Even though the recovery is largely due to what the CEO’s done right — including overhauling the brand’s stodgy styling and expanding its range of SUVs — it was helped by rivals’ stumbles. BMW AG’s push into electric cars with the oddly shaped i3 in 2013 has fallen flat, and adding the seven-seat Gran Tourer minivan may have shifted the brand too far from its sporty roots. BMW’s CEO Harald Krueger, who took charge in 2015, has yet to add fresh impetus, with the revamped 5-Series sedan clinging to its predecessor’s conservative design.
Audi has been slow to add to its SUV lineup to match offerings at Mercedes and BMW. And over the past year, the brand has been caught up in the emissions-cheating scandal of its parent Volkswagen AG.
Daimler’s “operating in a relative competitive vacuum as their key competitors BMW and Audi are laboring with pretty old products,” said Exane BNP Paribas’ Pearson.
Mercedes deliveries jumped 12 percent in the 11 months through November, more than double the pace of growth for BMW’s namesake brand. Mercedes sold 1.9 million vehicles in the period, about 69,000 cars ahead of BMW, virtually guaranteeing the crown swap.
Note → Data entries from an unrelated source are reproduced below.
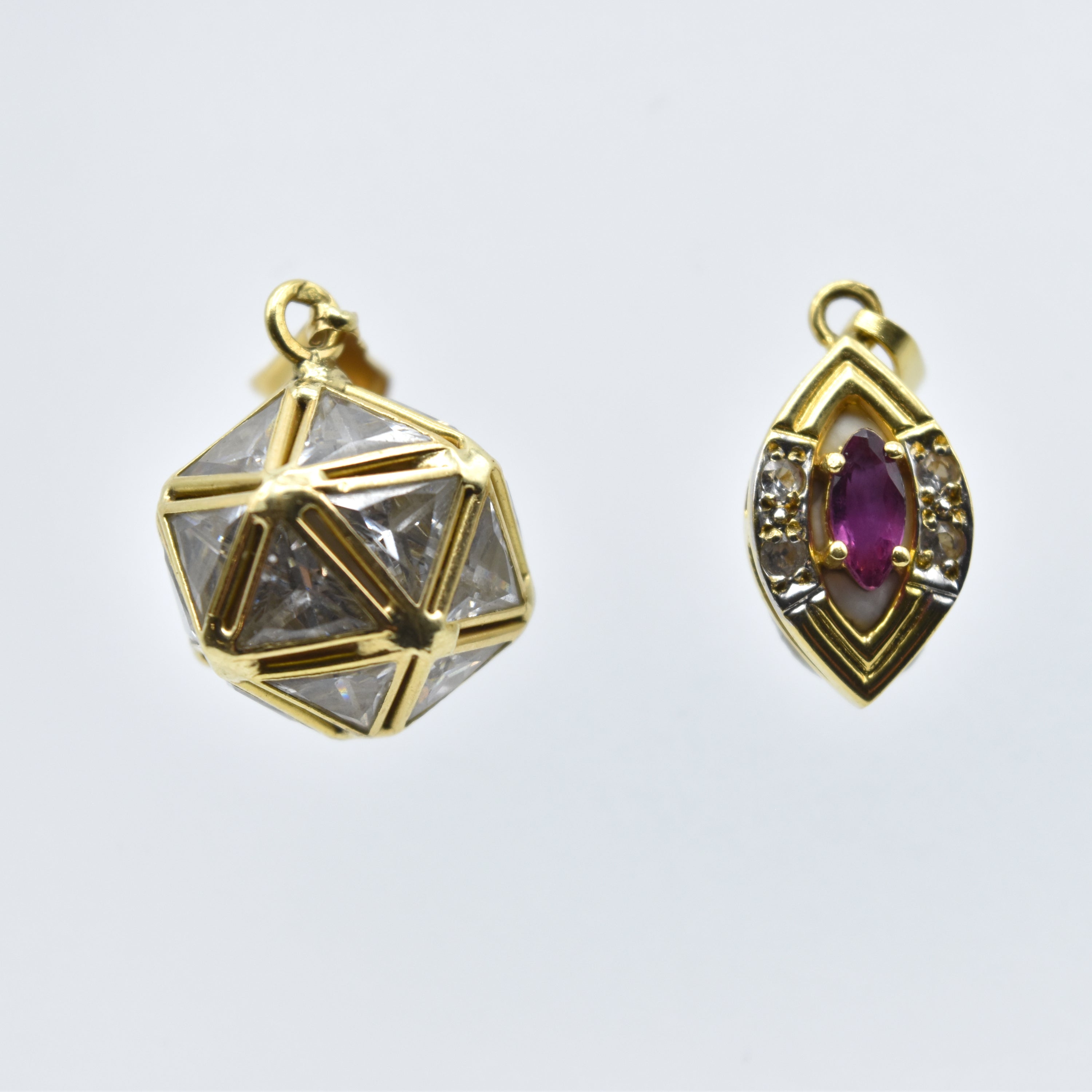 2 pendentifs en or jaune 18 ct (pierres fausses, pierre de couleur, soudures en or jaune 14 ct, bosselé) - 5.8 g brut
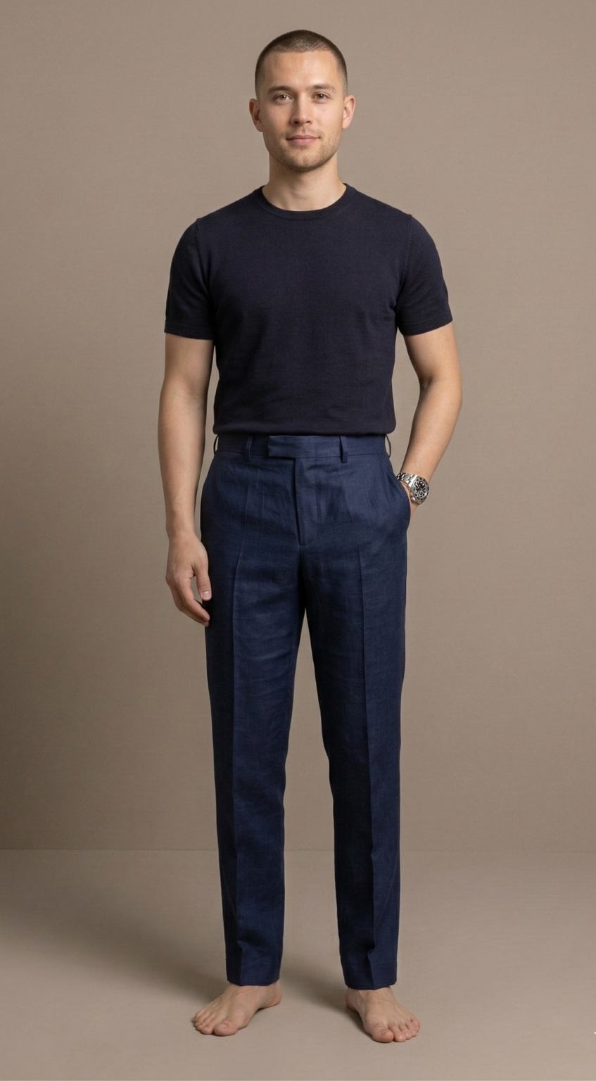Son ton uni apporte une profondeur subtile et une touche d’évasion à sa silhouette, tandis que sa coupe équilibrée structure la tenue avec élégance sans jamais contraindre le mouvement. Ce pantalon en lin se porte idéalement avec une chemise noir ou claire et des chaussures en cuir pour une allure chic et lumineuse, ou de manière plus décontractée avec un t-shirt simple pour un esprit Riviera.
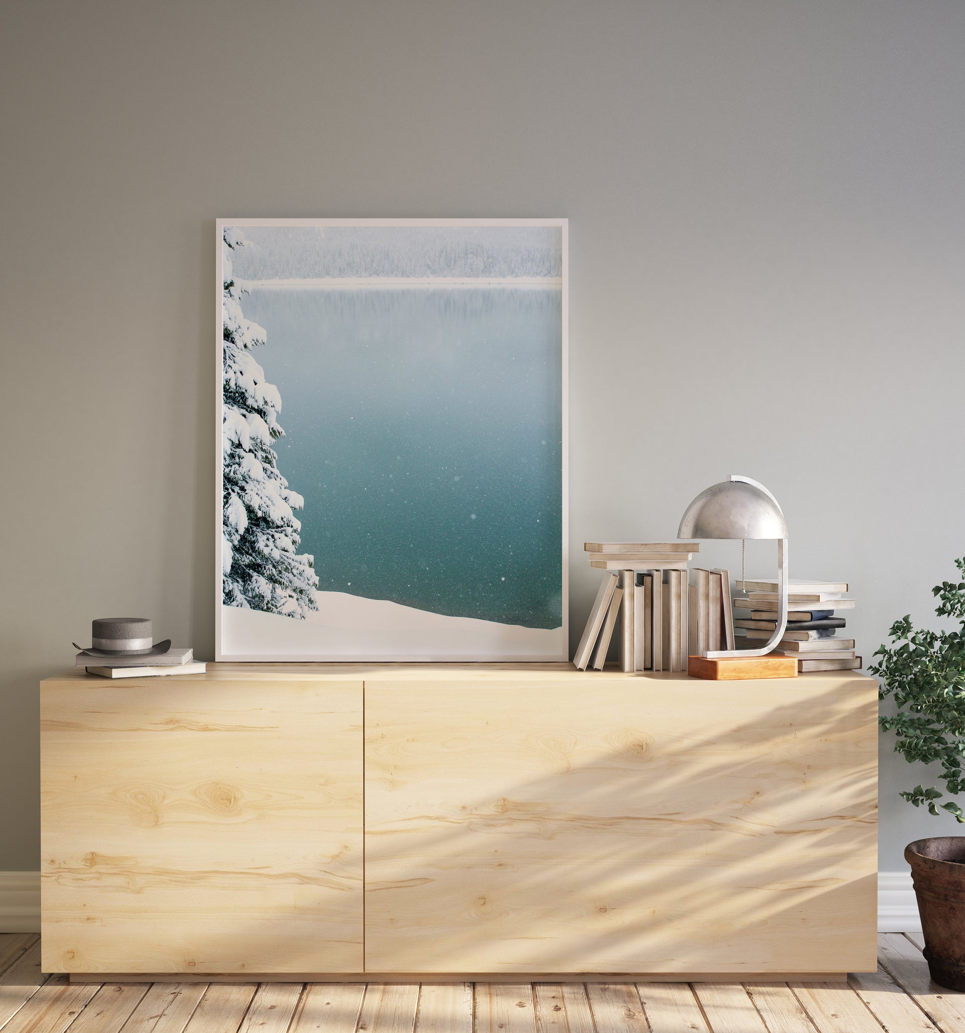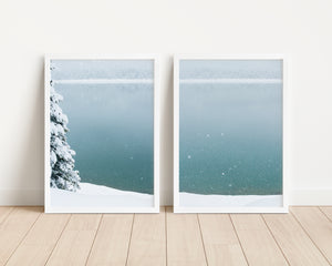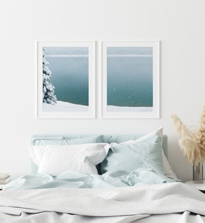 This image can be purchased alone or with it's counterpart 'Snowfall on the lake II'. A beautiful duo, these images perfectly compliment any space you wish to bring calm to, or the excitement of winter.
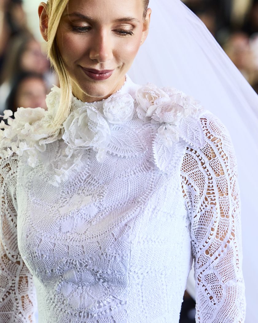 As rendas, assinatura da Martha Medeiros, aparecem em diferentes versões: da francesa à renascença, passando pela delicada chantilly, em composições que equilibram romantismo, sofisticação e modernidade.
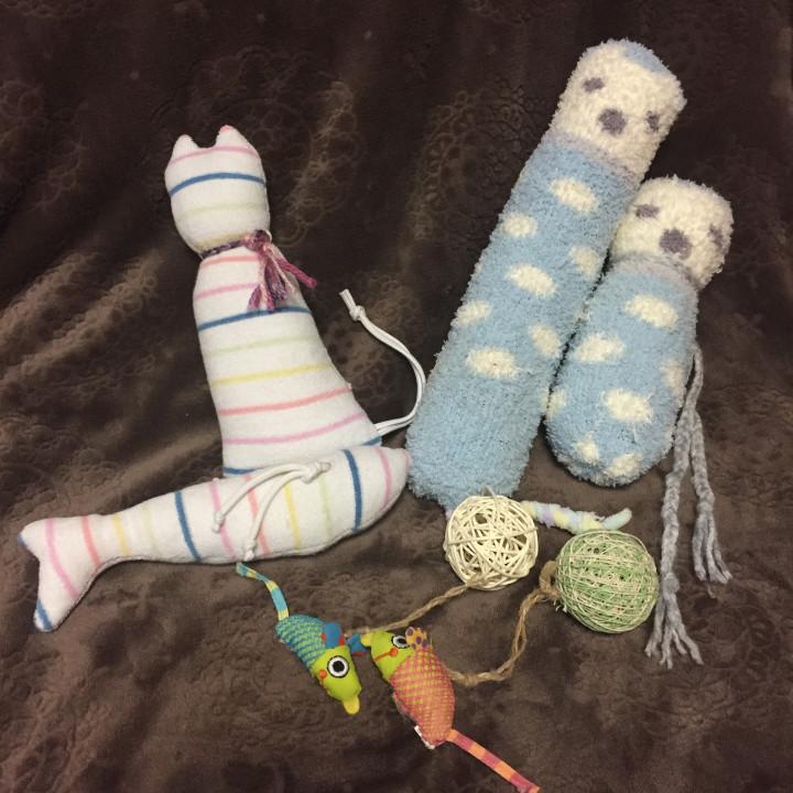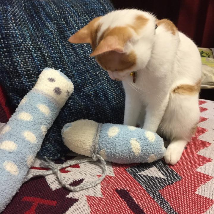 100均のモケモケ靴下に綿とまたたびとセロハンと鈴を入れて閉じたモノ。
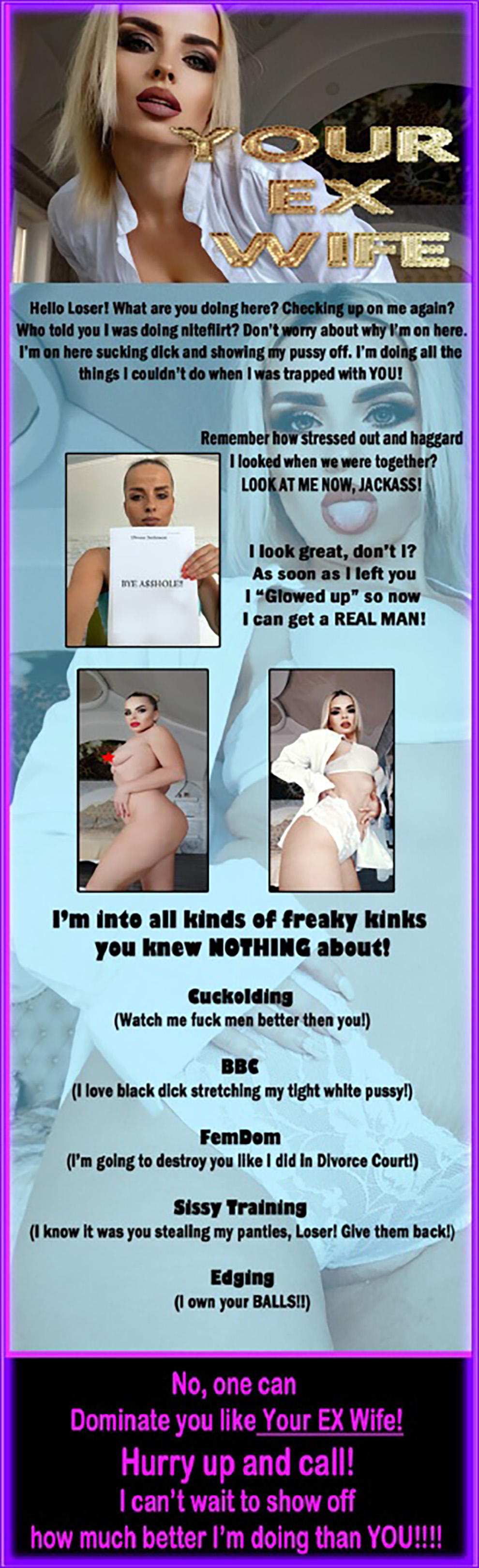 Your naughty ex wife is ready to have all kinds of Kinky fun with you!

While Zetsche’s reaped the benefits of a well-timed product cycle, the task of maintaining the lead will fall to his successor after his contract expires in 2019. The new CEO will need to master the challenge of boosting profitability, and balance investments in new technologies while cranking out updated models. Daimler’s development costs are surging amid the industry’s move toward autonomous driving and ride-sharing, and rising regulatory pressure to reduce vehicle emissions.
Daimler’s already planning for the transition, grooming company veteran Ola Kaellenius, now head of research and development, and chief of sales at Mercedes-Benz Cars, for the position. Appointing the 47-year-old Swede as CEO would mark the first time a non-German takes the top spot at Daimler.